Scientists Developing New Machine Learning Methods for Easier Insight into Massive Satellite Map Data

Author:QINSUN Released in:2024-01 Click:35

Currently, there are over 700 imaging satellites orbiting the Earth, transmitting massive amounts of information back to ground databases every day, either for monitoring climate change or tracking health and poverty issues. But scientists also face a challenge: while geospatial data can help researchers and policymakers address key challenges, only those with significant wealth and professional knowledge can access it.
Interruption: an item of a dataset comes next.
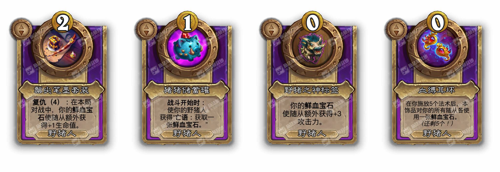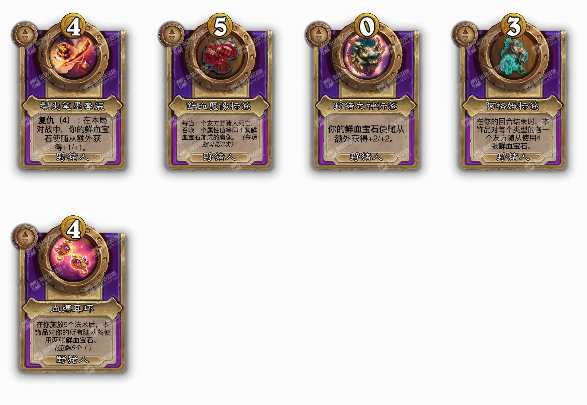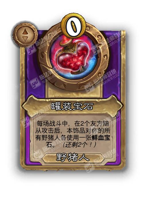 - [野猪人5费大型] 在你触发一个亡语后,本饰品随机对3个友方随从各使用一张永久的鲜血宝石。

Now, a team at the University of California, Berkeley has designed a machine learning system to solve satellite image problems. They use low-cost and easy-to-use technologies that can provide access and analytical capabilities for researchers and governments around the world. This study, titled "A Universal and Accessible Method for Machine Learning Using Global Satellite Images," was published in the journal Nature Communications on July 20, 2021.

The co author of the project, Esther Rolf, stated, "Satellite images contain a wealth of data about the world, but the trick is how to transform the data into useful insights without the need for manual editing of each image. We have designed our system for accessibility, so one person should be able to run it on a laptop without the need for specialized training to solve their local problems.".

The co authors of this paper, Solomon Hsiang, Director of the Global Policy Laboratory at Goldman Sachs School of Public Policy, stated: We hope that our actions can bring global impact. The pace of development is faster than ever before. We are changing resource allocation faster than ever before. We are changing the Earth. This requires a more responsive management system that can see these things happening so that we can respond promptly and effectively.

This project is being promoted in collaboration between the Global Policy Lab led by Hsiang and the research team from the Department of Electrical Engineering and Computer Science led by Benjamin Recht. Other collaborators include Tamma Carleton, a Berkeley PhD graduate currently studying at the University of California, Santa Barbara, Jonathan Proctor currently working at the Harvard Center for Environmental and Data Science Programs, Ian Bollinger from Rhodium Group, Vaishaal Shankar from Amazon, and Miyabi Ishihara, a Berkeley PhD student.